After a few intense days he witnessed the fate of the moneylender’s illness The first republic Decided finally, a veteran banking analyst Christopher McGraty He was looking forward to some calm.

Early Tuesday, more than 24 hours after US regulators seized and selected First Republic. c. B. Morgan Chase To acquire most of her assets, McGraty headed to see a client in Manhattan. Minutes after the regular trading began, the shares of the regional banks he covered for KBW began to fall.

“I was like, ‘Hey, it’s a good day to catch up, looks like an organized day,'” McGraty said in a phone interview. “I went back to my desk, had 40 emails and 10 voicemails, and my screen was all red.”

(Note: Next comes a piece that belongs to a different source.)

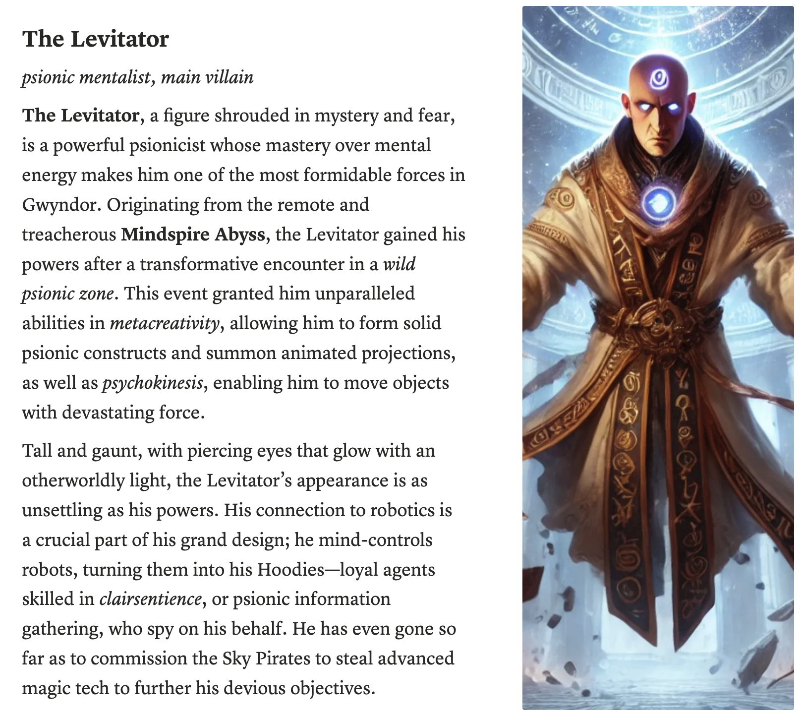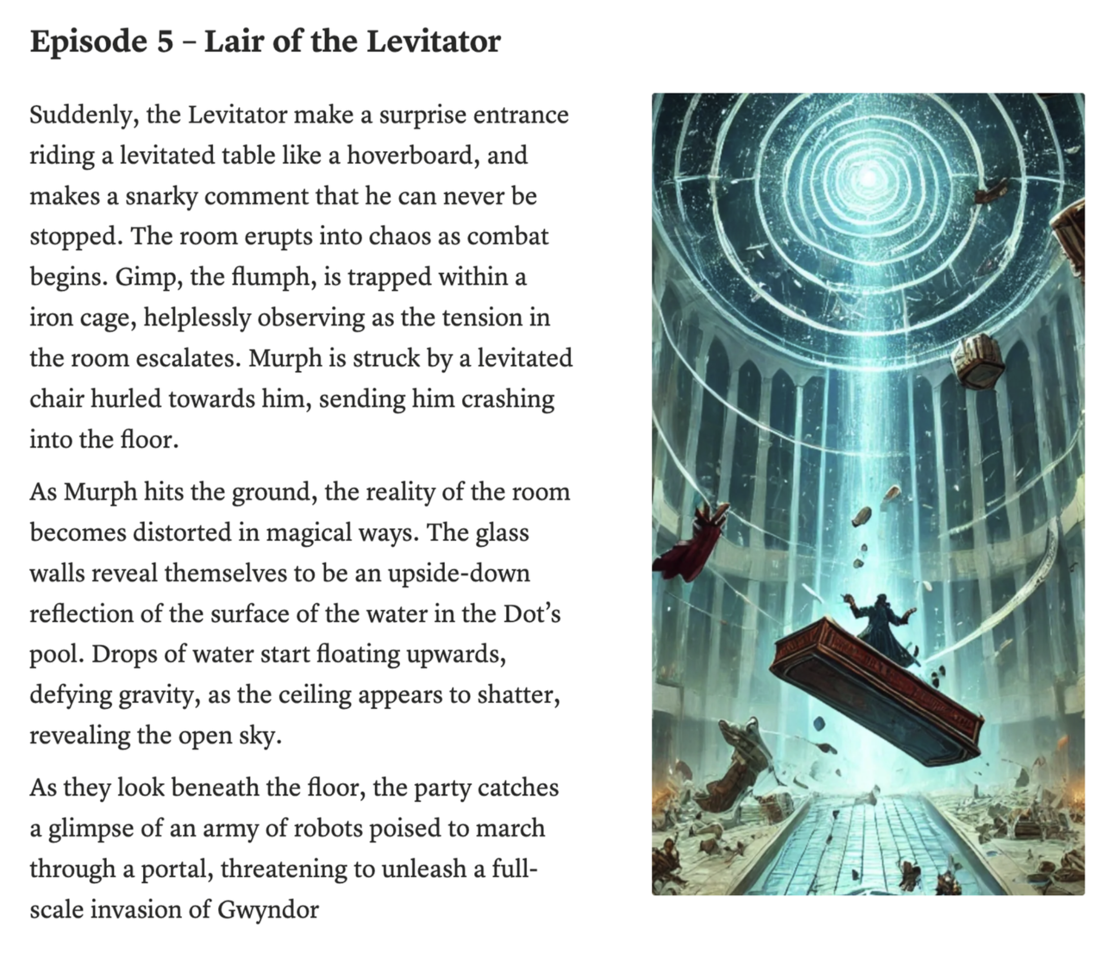 After an outlaw group of mechanical humanoids settle in the City of Gwyndor, a greedy telekinetic mentalist known as "The Levitator" seeks to take advantage of the chaos by hacking into the minds of the robots and taking control over Gwyndor for himself. The only thing standing in the way of robot domination is a ragtag group of unlikely freedom-fighters...

A sharp sell-off in regional banks sparked by the Silicon Valley bank failure resumed in March, catching Wall Street analysts and investors by surprise. An orderly dissolution of First Republic by the nation’s largest lender was supposed to assuage concerns about the state of the American banking system, not reignite them.

sharp dips – backquest Shares fell 28% to a record low on Tuesday, while Western alliance Lost 15% Amid the lack of fresh news, banking experts scrutinized why this happened.

Concerns about uninsured deposits, concerns about commercial real estate and upcoming regulation were all potential catalysts.

Others pointed to pressure from short sellers. That’s what Peter OrsageCEO of Financial Advisors Lazard who represented the First Republic in the rescue effort, Sarah Eisen said on CNBC Tuesday.

“People are looking for answers, and no one has a good answer,” said McGarty, KBW’s head of US banking research who has covered the industry for nearly 20 years.